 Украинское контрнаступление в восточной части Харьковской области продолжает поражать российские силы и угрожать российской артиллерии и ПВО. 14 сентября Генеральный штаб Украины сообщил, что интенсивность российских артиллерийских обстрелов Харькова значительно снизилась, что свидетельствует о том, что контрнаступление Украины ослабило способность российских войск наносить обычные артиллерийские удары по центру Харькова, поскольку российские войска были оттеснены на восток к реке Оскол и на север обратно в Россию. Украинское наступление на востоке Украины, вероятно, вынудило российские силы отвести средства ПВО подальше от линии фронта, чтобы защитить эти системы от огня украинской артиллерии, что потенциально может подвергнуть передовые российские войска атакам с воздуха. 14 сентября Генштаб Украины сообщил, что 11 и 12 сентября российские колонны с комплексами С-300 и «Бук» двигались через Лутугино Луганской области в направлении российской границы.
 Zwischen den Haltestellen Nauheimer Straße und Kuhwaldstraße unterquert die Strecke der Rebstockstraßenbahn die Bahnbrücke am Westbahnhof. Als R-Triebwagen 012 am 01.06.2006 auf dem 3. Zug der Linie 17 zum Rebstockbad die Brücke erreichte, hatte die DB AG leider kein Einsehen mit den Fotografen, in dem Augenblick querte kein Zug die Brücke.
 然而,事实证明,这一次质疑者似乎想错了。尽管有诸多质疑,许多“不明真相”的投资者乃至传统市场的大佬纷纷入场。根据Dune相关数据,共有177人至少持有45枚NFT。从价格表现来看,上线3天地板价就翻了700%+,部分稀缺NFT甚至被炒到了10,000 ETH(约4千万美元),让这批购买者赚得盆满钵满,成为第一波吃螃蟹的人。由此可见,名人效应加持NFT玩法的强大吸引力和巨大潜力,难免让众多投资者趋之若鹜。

---

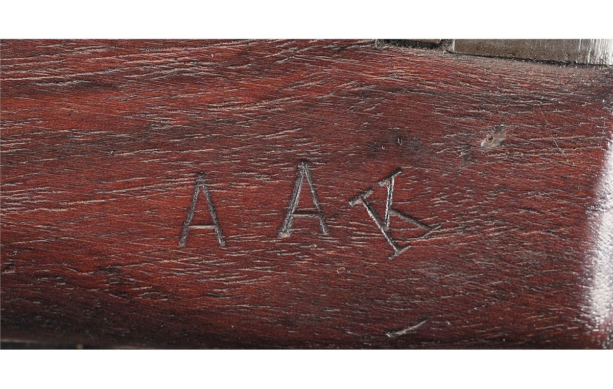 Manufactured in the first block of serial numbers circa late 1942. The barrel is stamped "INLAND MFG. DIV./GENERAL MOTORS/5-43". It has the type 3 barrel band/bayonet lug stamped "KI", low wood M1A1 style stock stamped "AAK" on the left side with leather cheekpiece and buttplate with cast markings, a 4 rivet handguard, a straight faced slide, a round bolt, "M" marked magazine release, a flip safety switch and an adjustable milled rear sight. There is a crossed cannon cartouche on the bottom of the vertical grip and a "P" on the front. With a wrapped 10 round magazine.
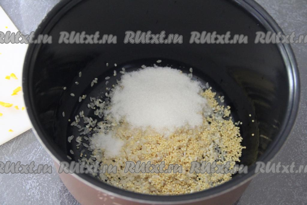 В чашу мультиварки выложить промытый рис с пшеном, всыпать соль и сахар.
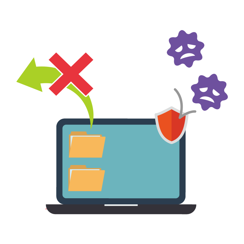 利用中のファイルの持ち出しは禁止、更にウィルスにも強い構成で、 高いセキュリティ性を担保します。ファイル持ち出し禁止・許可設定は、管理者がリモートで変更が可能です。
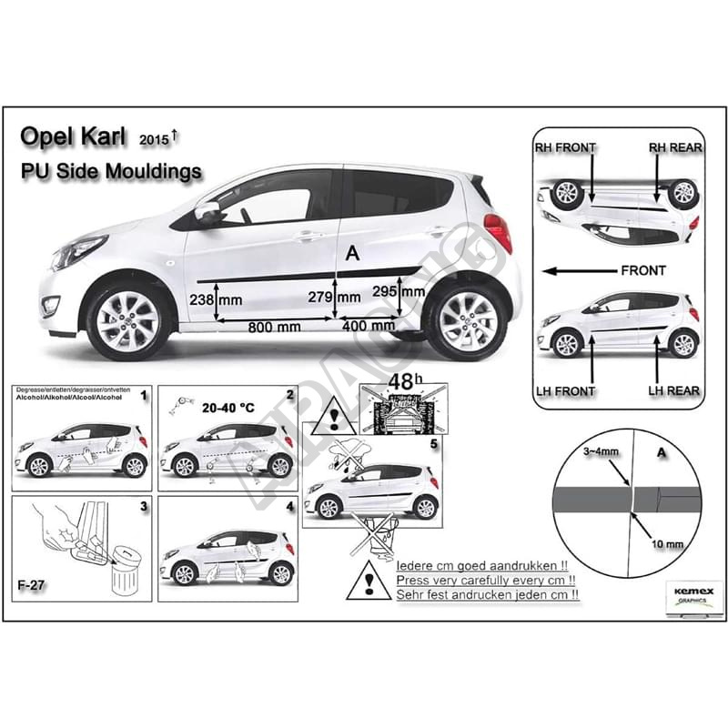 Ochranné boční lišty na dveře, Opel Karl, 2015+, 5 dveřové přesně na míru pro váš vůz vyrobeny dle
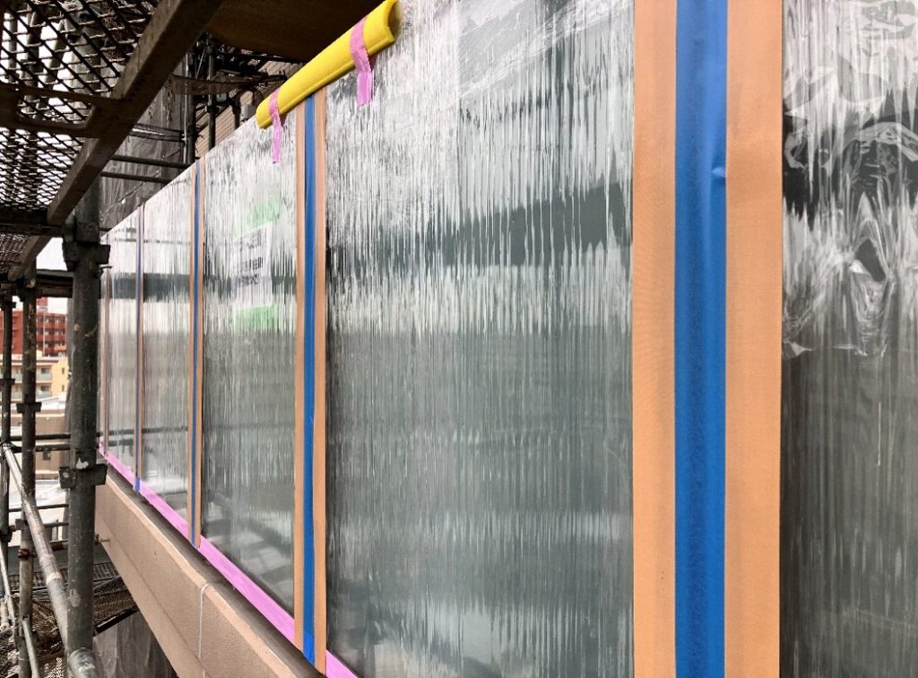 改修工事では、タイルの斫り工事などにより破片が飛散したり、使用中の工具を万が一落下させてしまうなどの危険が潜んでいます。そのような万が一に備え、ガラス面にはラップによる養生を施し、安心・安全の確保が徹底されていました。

==

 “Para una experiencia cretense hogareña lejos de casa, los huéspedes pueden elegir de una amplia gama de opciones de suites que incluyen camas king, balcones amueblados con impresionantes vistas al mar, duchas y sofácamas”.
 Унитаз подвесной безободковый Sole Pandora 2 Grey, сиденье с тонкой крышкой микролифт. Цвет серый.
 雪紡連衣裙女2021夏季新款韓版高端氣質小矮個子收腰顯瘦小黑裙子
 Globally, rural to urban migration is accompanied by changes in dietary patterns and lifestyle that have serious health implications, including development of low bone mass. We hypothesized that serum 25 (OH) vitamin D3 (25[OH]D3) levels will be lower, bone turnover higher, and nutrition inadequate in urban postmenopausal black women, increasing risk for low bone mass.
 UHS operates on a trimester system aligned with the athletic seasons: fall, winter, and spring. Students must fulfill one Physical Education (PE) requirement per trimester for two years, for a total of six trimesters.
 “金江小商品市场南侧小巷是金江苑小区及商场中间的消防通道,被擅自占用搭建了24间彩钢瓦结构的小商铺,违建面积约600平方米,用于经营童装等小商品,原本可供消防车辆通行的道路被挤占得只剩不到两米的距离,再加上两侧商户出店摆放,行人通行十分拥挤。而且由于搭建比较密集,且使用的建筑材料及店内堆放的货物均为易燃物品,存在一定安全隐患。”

**PROBLEM TO WORK ON**.
Copy verbatim, from the listing above, each line from the one containing "Унитаз подвесной безободковый" down to the one containing "UHS operates on", inclusive.

**SOLUTION TO THE EXERCISE**.
 Унитаз подвесной безободковый Sole Pandora 2 Grey, сиденье с тонкой крышкой микролифт. Цвет серый.
 雪紡連衣裙女2021夏季新款韓版高端氣質小矮個子收腰顯瘦小黑裙子
 Globally, rural to urban migration is accompanied by changes in dietary patterns and lifestyle that have serious health implications, including development of low bone mass. We hypothesized that serum 25 (OH) vitamin D3 (25[OH]D3) levels will be lower, bone turnover higher, and nutrition inadequate in urban postmenopausal black women, increasing risk for low bone mass.
 UHS operates on a trimester system aligned with the athletic seasons: fall, winter, and spring. Students must fulfill one Physical Education (PE) requirement per trimester for two years, for a total of six trimesters.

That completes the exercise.